Samuel Bayard was born in Pittsburgh, Pennsylvania in 1908. He came to know of the rich musical heritage in the highlands south of Pittsburgh during childhood visits to relatives in Greene County and began to write down songs he heard there as a teenager. Bayard later studied at Harvard under the renowned folklorist George Lyman Kittredge who was impressed with his body of Greene County ballads and encouraged him to continue collecting.  What began largely as an academic interest in local ballads and their British Isles origins quickly developed into a deep appreciation for the beauty and energy of both the songs and instrumental music of his region.

By 1928 Bayard began to travel throughout the counties of southwestern Pennsylvania, visiting fiddlers, fifers and singers and carefully transcribing their music for posterity.  Although he pursued a career as an English and Folklore professor at Penn State University, he and several collaborators continued to collect music until 1963. Among many scholarly articles on various aspects of folk music, he published two major volumes of traditional Pennsylvania instrumental music, Hill Country Tunes in 1944, and Dance to the Fiddle, March to the Fife in 1982.  He also served as president of the American Folklore Society from 1964 to 1965 and continues to be recognized as a pioneer among American folklorists, particularly for his work with the Pennsylvanian tradition (Zolten, 1997; Jackson, 1997).  Bayard’s interest in the music went beyond academics and aesthetics, however.

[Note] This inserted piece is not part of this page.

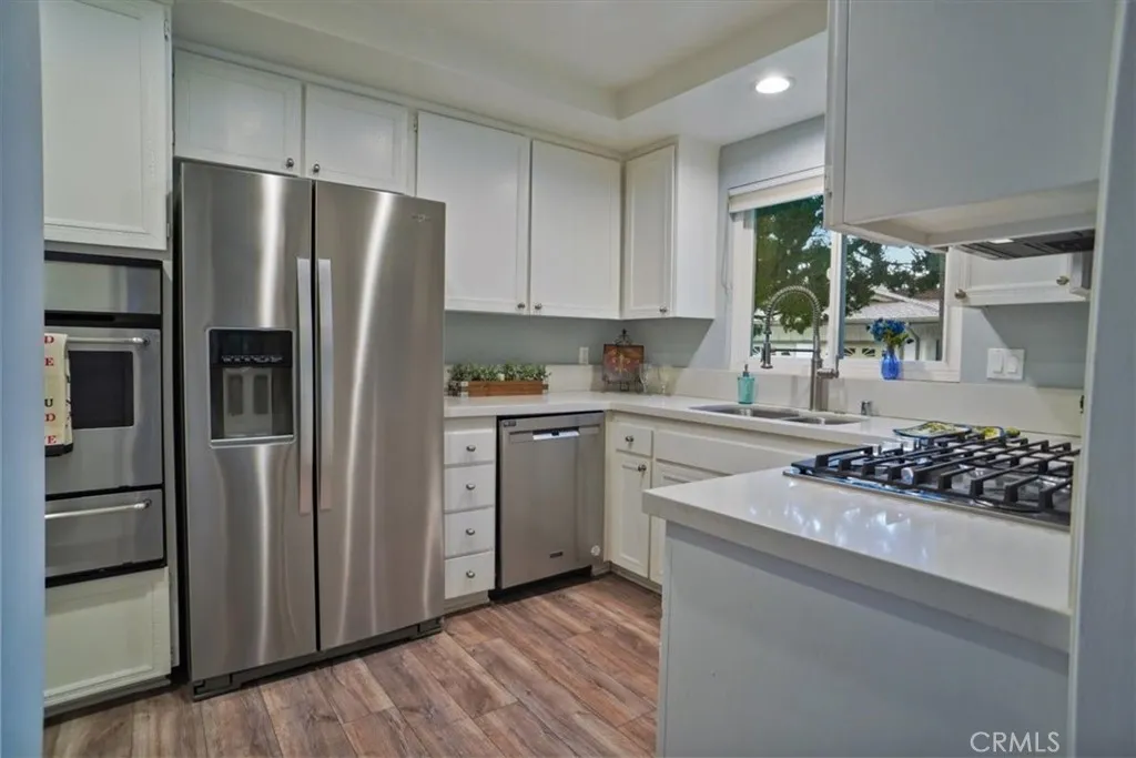 Perfect SENIOR condo on corner lot with greenbelt behind. Not a thing to do in this largest model home in the Association 4 group. It is light and bright and offers loads of elbow room. The manufactured wood flooring throughout is wonderful along with a nicely updated kitchen. The open patio is perfect for a morning cup of coffee or a relaxing glass of wine to wind down after a busy day. Friendly Valley offers all the usual country club amenities you would expect including two golf courses. There are clubs of all kinds and Bingo on Wednesday's. A lovely little community church completes the picture! Come enjoy life in this terrific retirement community.
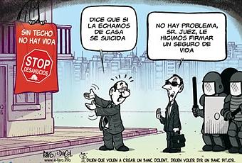 Bueno pues ya está puesta toda la maquinaria en marcha para que ese decreto no pueda aplicarse. Los primeros en protestar fueron los bancos, que los pobres no sólo no tienen bastante con lo que han recibido de dinero público sino que quieren seguir desahuciando para poder especular a su gusto. Y lo puedo entender, porque de esta gentuza avara, rácana, insensible e insolidaria no se puede esperar otra cosa.

From the beginning of his nearly 40 year collection project, he recognized the need to save a vulnerable musical heritage from gradual oblivion, seeking “to preserve something of what the older Pennsylvania tradition really consisted of … pre-radio, pre-tape, pre-TV” (Bayard, 1982, p.2).

Some of Bayard’s source musicians were already in their 70s and 80s at the time of his visits. They had learned the tunes and songs directly from previous generations born in mid-19th century Pennsylvania, who in turn inherited traditions from Northern Ireland, Scotland, northern England, and to a lesser extent, Germany (Bayard, 1944, pp. xx – xxi). The roots of these traditions had been transplanted here by their ancestors, and new songs, tunes and playing styles were grafted on and shaped over generations, adapting to rural Pennsylvania culture and flowering into a distinct regional strain of Appalachian music.

Folklorists were already active in other parts of Appalachia and other regions of the country, of course, when Bayard began collecting. In the nascent era of commercial recording in the 1920’s, Bayard and others foresaw the inevitable dissolution of local music as a homemade art form.  The commercial recording industry was soon to put traditional music increasingly into the hands of professional recording artists who standardized it according to nationally broadcasted styles at the cost of regional characteristics. But the music of Pennsylvania seemed particularly vulnerable; as folklorist Henry Shoemaker pointed out in 1919, Pennsylvania traditions were even then neglected among scholars busy collecting folklore and music in other Appalachian regions (Shoemaker, 1931 p.4).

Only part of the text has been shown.